Exercise = When you return the data, keep every word exact and include none of the images.

-------- Supplied data --------

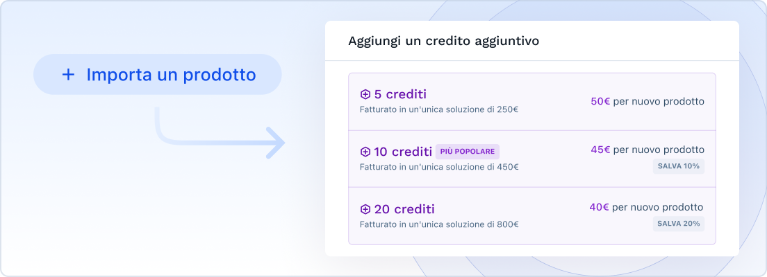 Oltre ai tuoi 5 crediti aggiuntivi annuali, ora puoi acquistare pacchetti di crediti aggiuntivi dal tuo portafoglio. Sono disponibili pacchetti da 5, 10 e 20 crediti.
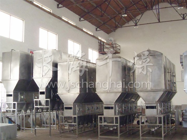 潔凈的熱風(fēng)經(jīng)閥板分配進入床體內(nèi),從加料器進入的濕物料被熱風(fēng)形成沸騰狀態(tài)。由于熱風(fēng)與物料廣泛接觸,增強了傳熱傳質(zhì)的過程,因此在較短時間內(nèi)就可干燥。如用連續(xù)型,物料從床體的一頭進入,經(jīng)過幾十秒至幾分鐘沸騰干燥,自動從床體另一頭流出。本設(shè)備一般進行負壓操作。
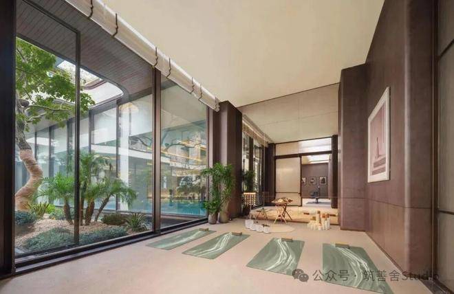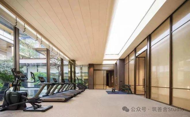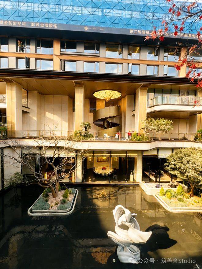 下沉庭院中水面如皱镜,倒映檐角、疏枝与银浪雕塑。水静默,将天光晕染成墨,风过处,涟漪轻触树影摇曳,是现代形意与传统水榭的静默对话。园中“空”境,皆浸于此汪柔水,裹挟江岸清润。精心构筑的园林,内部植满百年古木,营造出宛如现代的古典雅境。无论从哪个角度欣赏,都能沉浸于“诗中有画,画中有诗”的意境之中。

--------

Exercise response =
 Oltre ai tuoi 5 crediti aggiuntivi annuali, ora puoi acquistare pacchetti di crediti aggiuntivi dal tuo portafoglio. Sono disponibili pacchetti da 5, 10 e 20 crediti.
 潔凈的熱風(fēng)經(jīng)閥板分配進入床體內(nèi),從加料器進入的濕物料被熱風(fēng)形成沸騰狀態(tài)。由于熱風(fēng)與物料廣泛接觸,增強了傳熱傳質(zhì)的過程,因此在較短時間內(nèi)就可干燥。如用連續(xù)型,物料從床體的一頭進入,經(jīng)過幾十秒至幾分鐘沸騰干燥,自動從床體另一頭流出。本設(shè)備一般進行負壓操作。
 下沉庭院中水面如皱镜,倒映檐角、疏枝与银浪雕塑。水静默,将天光晕染成墨,风过处,涟漪轻触树影摇曳,是现代形意与传统水榭的静默对话。园中“空”境,皆浸于此汪柔水,裹挟江岸清润。精心构筑的园林,内部植满百年古木,营造出宛如现代的古典雅境。无论从哪个角度欣赏,都能沉浸于“诗中有画,画中有诗”的意境之中。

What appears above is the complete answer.